In this guide, grantmakers and grantees describe the experience of using a "gender lens" in their work. They explain what gender analysis is and isn't - and why it can help shape more effective programs and organizations. The guide also takes a closer look at how gender analysis has led to new thinking in fields as diverse as public health, international development, juvenile justice, and youth services. And it offers additional insights and special advice on issues ranging from "What about Men and Boys" to "Uncovering Gender Assumptions."
What's in the Guide?
- Bringing a gender analysis to your grantmaking
- Understanding how it can help grantees to be more effective
- Applying it in your own organization
- Understanding What Gender Analysis Is and Isn't: "Gender" doesn't mean "not men," and "gender analysis" is more than a way of thinking about programs for women and girls.
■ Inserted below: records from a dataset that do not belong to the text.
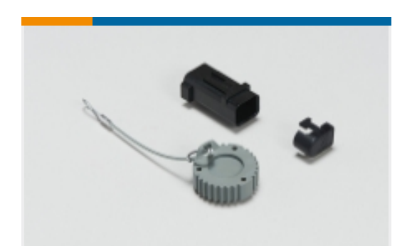
Automotive Connector Caps & Covers (19)
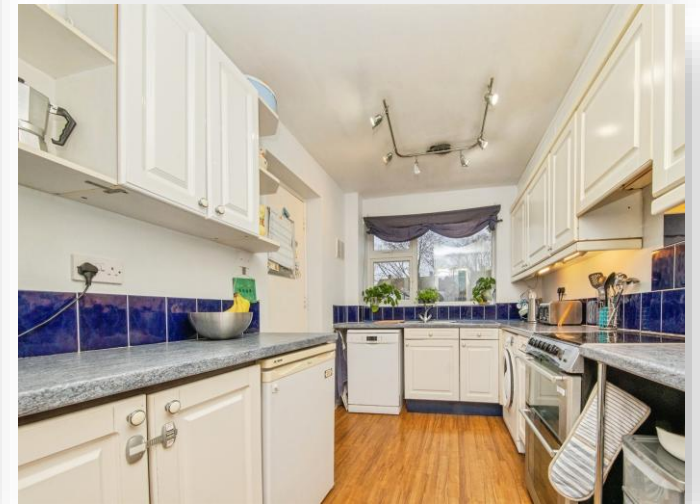
Monton Rise, Ipswich, IP2 9QQ
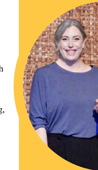
Congratulations who was awarded Award. He plans on of Jazz (Piano) at Applied Science Maastricht in
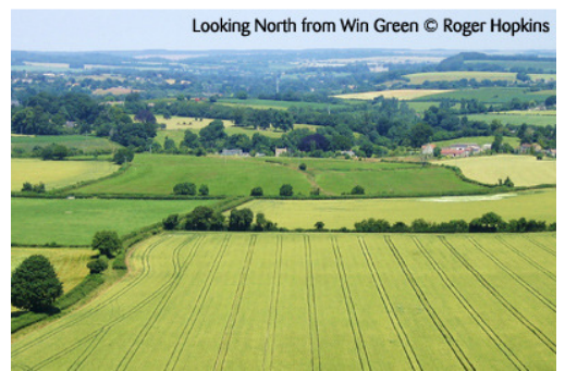
Donhead Hollow, Near Ludwell, Wiltshire SP7 0ES

One of the best known and most iconic sites in the Cranborne Chase AONB, Win Green is its highest point as well as a Site of Special Scientific Interest. It contains chalk grassland, a habitat that has been seriously eroded in the UK and offers extensive views, with Bournemouth, the Isle of Wight, Salisbury, Glastonbury Tor, the Mendips, the Quantocks and Milk Hill all visible when clear.
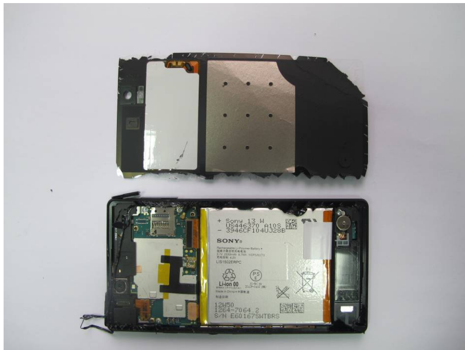
Mobile Phone Disassembly
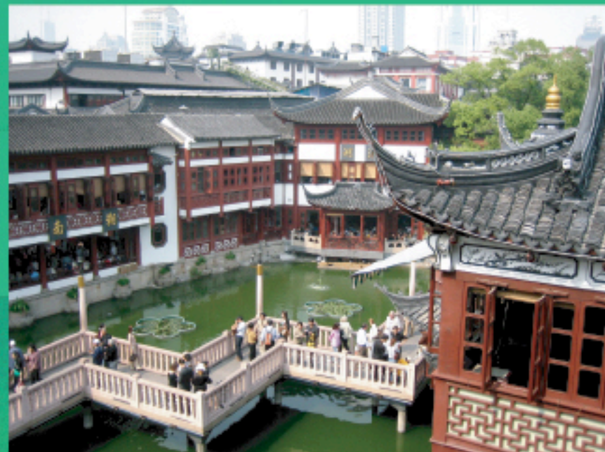
Yuyuan Garden, Shanghai 上海豫園
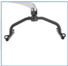
Hanger bar 4P 4-point

Levitop Standard with hanger bar 4P (electrical leg adjustment)
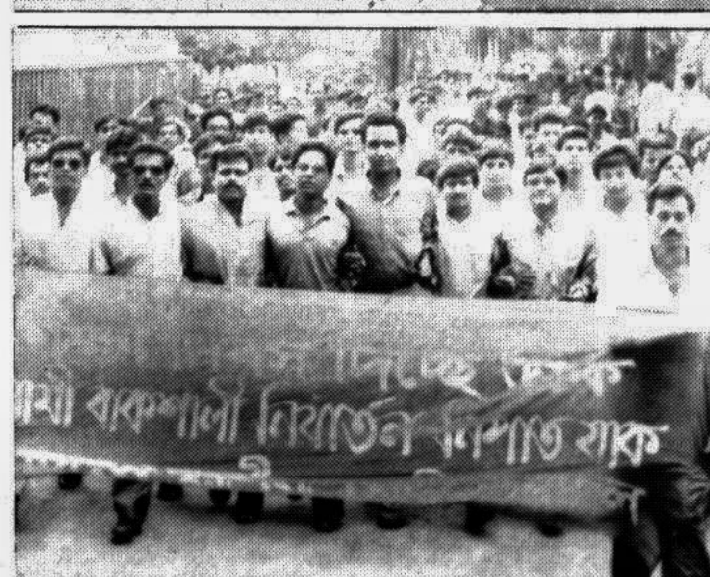
Bangladesh Chhatra League (top) and Jatiyatabadi Chhatra Dal (bottom) brought out separate processions on Dhaka University Campus yesterday marking the historic Education Day.
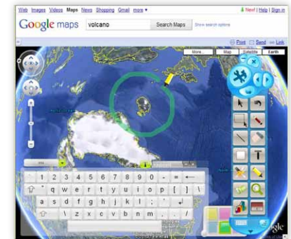
WizTech InFocus Edition software
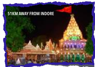
51KM AWAY FROM INDORE

The town fallen from heaven to bring heaven to earth", was how the famous Sanskrit poet Kalidasa had described the ancient city of Ujjain. Located at the heart of Madhya Pradesh, this ancient city is a labyrinth of bustling lanes that weave through temple clusters, earning Ujjain the moniker, "the city of temples".
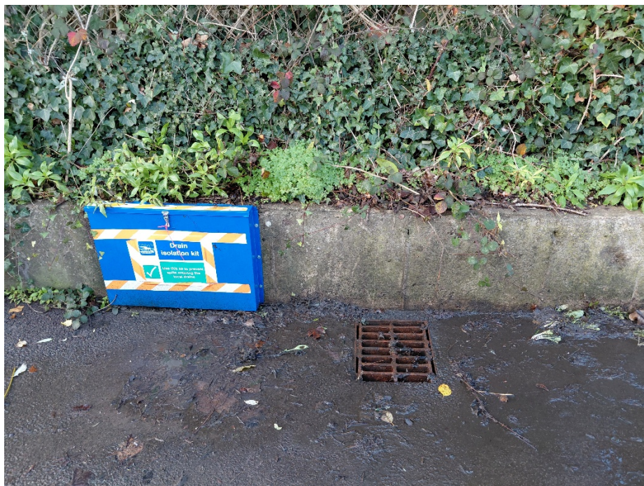
Photo 5 - Sealable drain

The permitted boundary was bunded with sealable drainage as shown in photos 4 and 5 and checked regularly as part of internal auditing procedures.
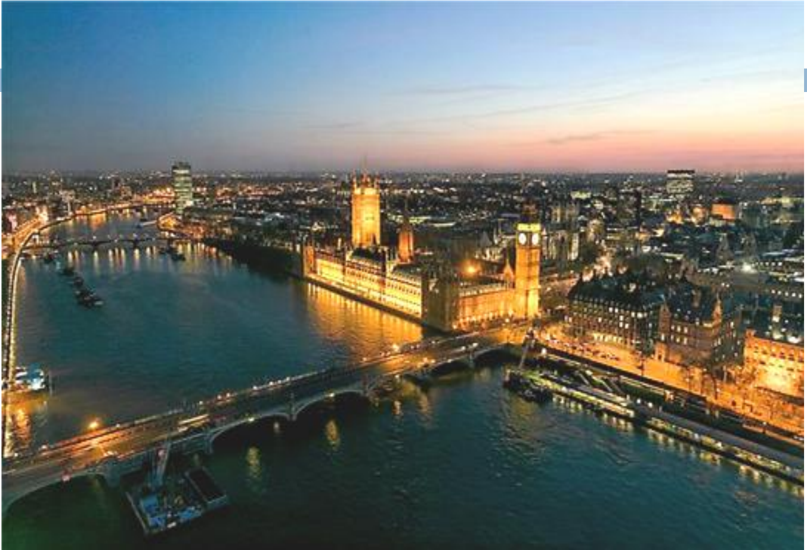
River Thames, Westminster Bridge, Palace

By uncovering assumptions about gender, grantmakers have found hidden opportunities, framed more insightful questions, and explored the possibility of new programs and organizations that work better for women and girls and men and boys.
- Using It with Grantees: At its best, gender analysis is a tool for promoting curiosity, which in turn can help people improve the effectiveness of programs and institutions. In this section, grantmakers offer their advice on how to foster inquiry by asking the right questions at the right time, encouraging experimentation, and supporting learning.
- Applying It in Your Own Organization: Gender analysis works best when it's on the agenda for the whole foundation. Grantmakers suggest a number of ways to get colleagues thinking about gender. The key, they say, is to emphasize connections between gender analysis and the values and principles of your organization.